= Academic grading in Luxembourg =

In Luxembourg, a grade system from 01 to 60 is used in secondary schools. A grade of at least 30 is required to pass. An insufficient mark (01-29) is called a Datz in Luxembourgish. The grades are distributed in the following way:

| Grade Number | Description |
|---|---|
| 50-60 | Very Good |
| 40-49 | Good |
| 30-39 | Satisfactory/Sufficient |
| 20-29 | Insufficient |
| 10-19 | Poor |
| 01-09 | Very Poor |

But in the secondary schools who are technique otherwise called général is much more different. It introduces intermediate grades (26-29, 36-39 and 46-49 ) whether the teachers will decide if the student will pass to the level is the next one or the past one. Unlike the normal grading system (shown above), the grading system of the secondary school général has 5 so-called levels.

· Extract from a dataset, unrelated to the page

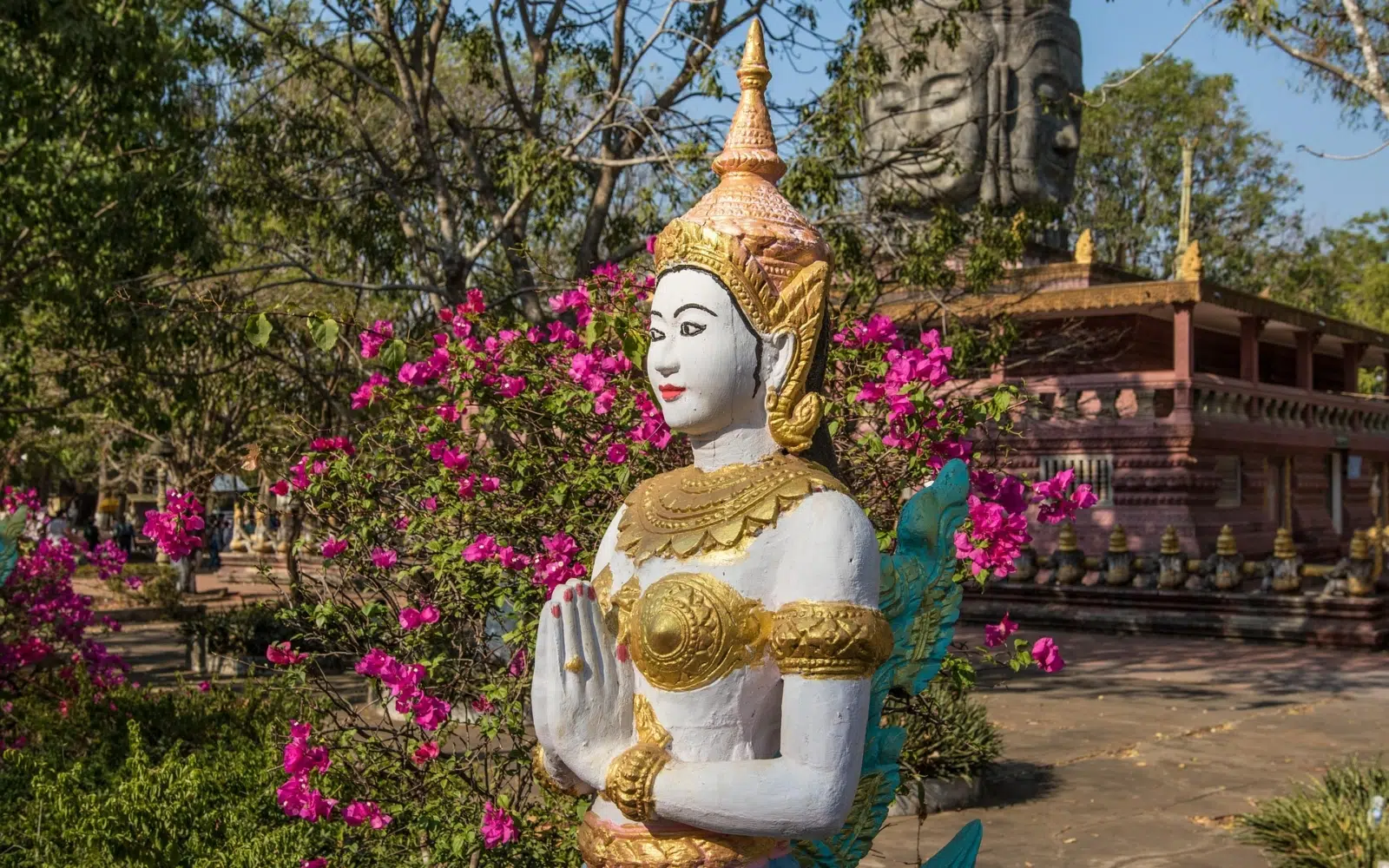 Notre matinée débute au Palais Royal, symbole de la monarchie cambodgienne. Derrière ses murs immaculés s’élèvent toits vernissés, fresques mythologiques et jardins soignés. Dans la pagode d’Argent, l’or, le cristal et la sérénité se rencontrent autour du Bouddha d’émeraude. L’ensemble, harmonieux et sacré, donne au visiteur un sentiment d’apaisement et de solennité. Non loin de là, le Musée National déploie les trésors de l’art khmer : sculptures de grès, bas-reliefs délicats et divinités intemporelles veillent sur le passé du royaume.

The notes are :

| Grade Number | Description |
|---|---|
| 50-60 | Excellent |
| 46-49 | Excellent or strong |
| 40-45 | Strong |
| 39-36 | Strong or sufficient |
| 30-35 | Satisfactory/Sufficient |
| 29-26 | Sufficient or insufficient |
| 20-25 | Insufficient |
| 01-19 | Very insufficient |

Grading at the University of Luxembourg instead operates with a French-style 20-point scale, with a minimum score of 10/20 required to pass.